Alaskan Wants To Use Oil Bounty To Buy M's, Keep Them In Seattle

The Seattle Mukluks? Pitchers throwing "snowballs"? A real moose instead of a guy in a costume?

The possibilities for Northwest baseball fans are endless - if Lee Stoops' dream comes true.

Stoops, in his own words, is just "an ordinary dad" from Juneau who loves baseball. He loves it so much he wants Alaskans to buy the Seattle Mariners, using $100 million from the $13 billion Alaska Permanent Fund, Alaska's savings account from the Prudhoe Bay oil rush.

Stoops is not some Tampa Bay baseball thief dressed in a furry parka. He has no intention of moving the Mariners to a field of dreams in the Alaskan tundra.

He just wants Alaskans to use the fund, which paid annual dividends of about $930 to every Alaskan last year, to buy something people in Alaska can relate to.

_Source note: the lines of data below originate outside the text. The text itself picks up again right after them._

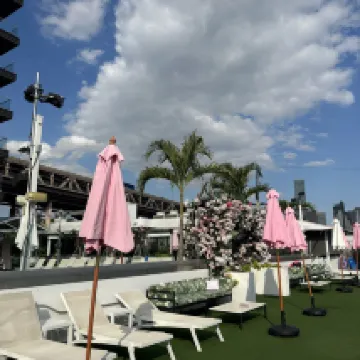 在紐約,價格很划算,景色也很棒。我們訂的是陽台房,非常不錯,唯一不足的是橋上交通噪音。
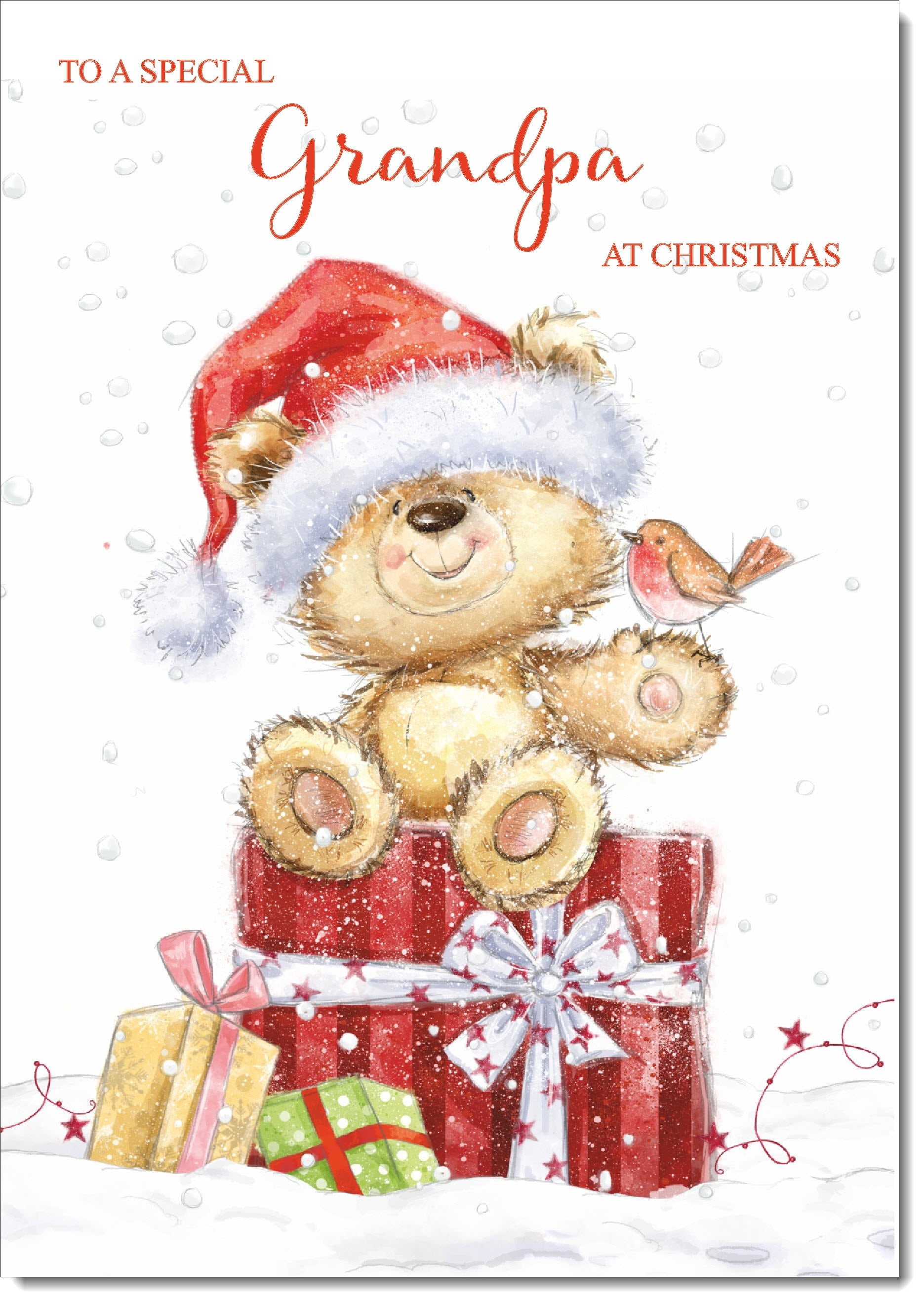 Grandpa Christmas Card Cute Bear on Parcel
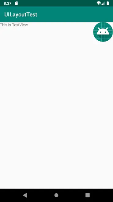 可以看到,文字和图片都是位于布局的左上角,因为ImageView是在TextView之后添加的,所以图片压在了文字上面。我们可以通过 android:layout_gravity 来指定控件在布局中的对齐方式
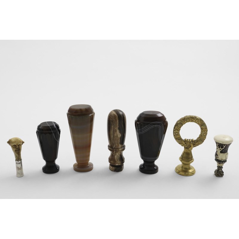 (one with intaglio monogram), two other hardstone seals (one initialled), a Victorian cast brass seal with a wreath handle, and two mounted antler seals, both with initials (one originally a pipe tamper); the largest one 4" (10 cms) long (7)
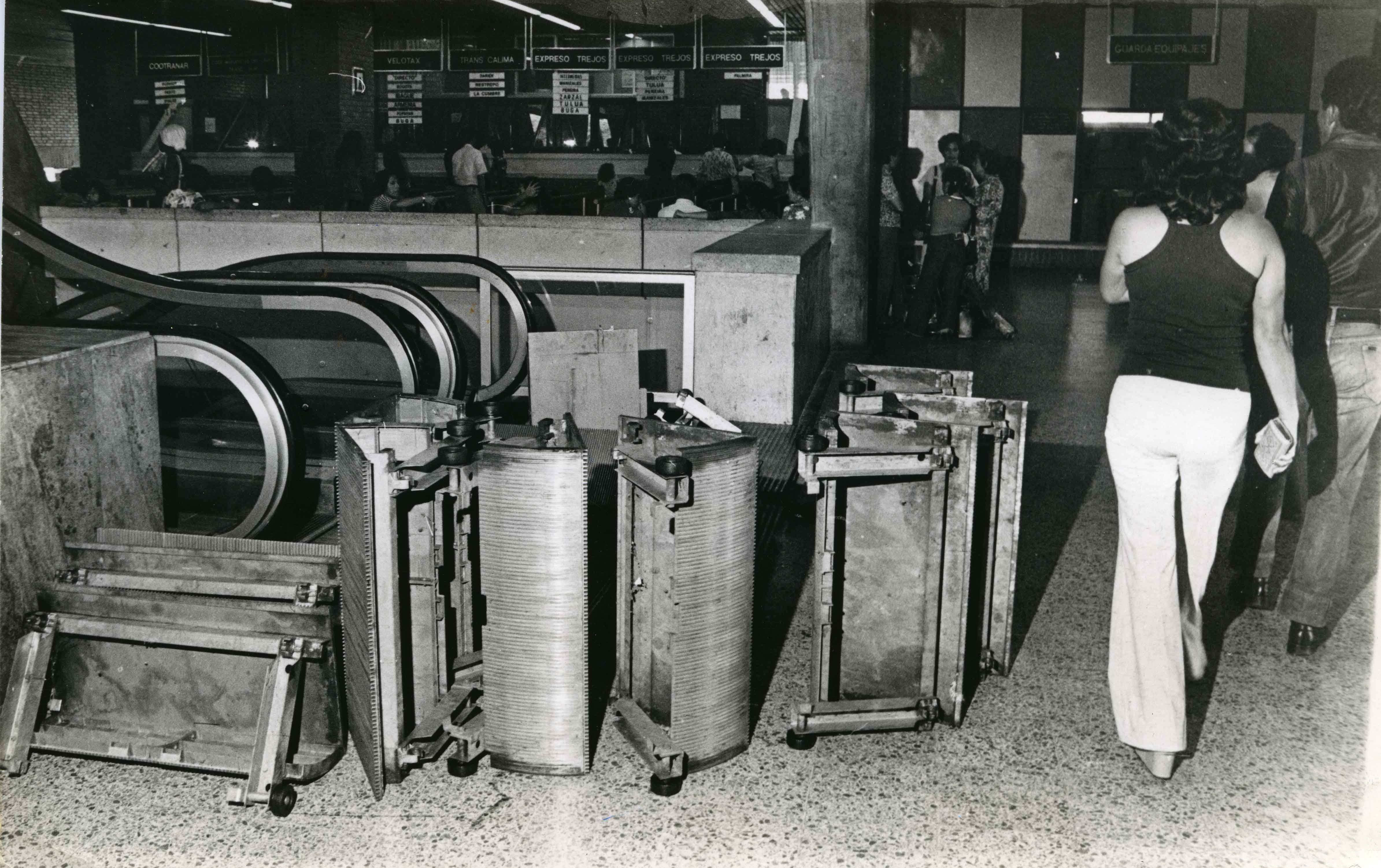 Reparación de las escaleras eléctricas de la terinal de transportes de Cali. El Archivo del Patrimonio Fotográfico y Fílmico del Valle del Cauca es responsabilidad de la Biblioteca Departamental del Valle Jorge Garcés Borrero, por convenio de cooperación suscrito con la Secretaria del Cultura Departamental, con el fin de aunar esfuerzos para su conservación, preservación y divulgación del Archivo entre la comunidad Vallecaucana, especialmente entre los estudiantes e investigadores que visitan la Biblioteca, propiciando el su uso y consulta permanente. La universidad Icesi es un colaborador en el proceso de difusión, facilitando la tecnología que permite la consulta de las imágenes.

"This could be a wonderful thing for Alaskans; a lot of lives could be enriched," said Stoops, a real-estate agent. "The Mariners would stay in Seattle. The team would become the North Pacific Mariners."

He figures the club could show loyalty to its new owners by playing a few exhibition games in Anchorage.

Stoops has already contacted Mariner owner Jeff Smulyan.

"He was positive," Stoops said. "He said there has never been a (fully) publicly owned team, but that doesn't preclude us from doing it."

What does preclude Stoops is a key provision in Alaskan law that limits the fund's investments primarily to stocks, bonds and real estate, and even that only under certain conditions.

"It's possible but difficult," said Bob Maynard, deputy director of the Alaska Permanent Fund.

Such an investment would require 51 percent approval by legislators of a change in uses for the Permanent Fund.

"It's easier to block something than pass it," Maynard said, particularly if it involves the Permanent Fund.

Fortunately for Mariner fans, there are at least two other buyer groups said to be interested in purchasing the franchise.

The public-private panel trying to make such a purchase more attractive is still trying to raise $13 million a year in new revenues for the team.

The group, led by Seattle businessman Herman Sarkowsky, hopes to have written commitments for the money from local companies before a planned Feb. 4 meeting in New York between local politicians and baseball Commissioner Fay Vincent.

Letters were being sent out this week to companies that have verbally pledged to buy advertising on Mariner radio and television broadcasts for the next three years. Sarkowsky says he has raised $5 million in new advertising revenues but can't count on that money until the written pledges are returned.

Additionally, business leaders serving on the Sarkowksy panel have agreed to guarantee the purchase of 10,000 season tickets for the 1992 season, which brings $4 million a year to the effort.

A key member of the Sarkowsky panel, Seafirst Chairman Luke Helms, said that if Smulyan or another buyer commits to stay here all three years, the group likely will guarantee the same level - or better - of season-ticket sales in 1993 and 1994.

A cable-television deal, the third component of the package, would bring the franchise between $2 million and $3.6 million in new revenues, panel sources say.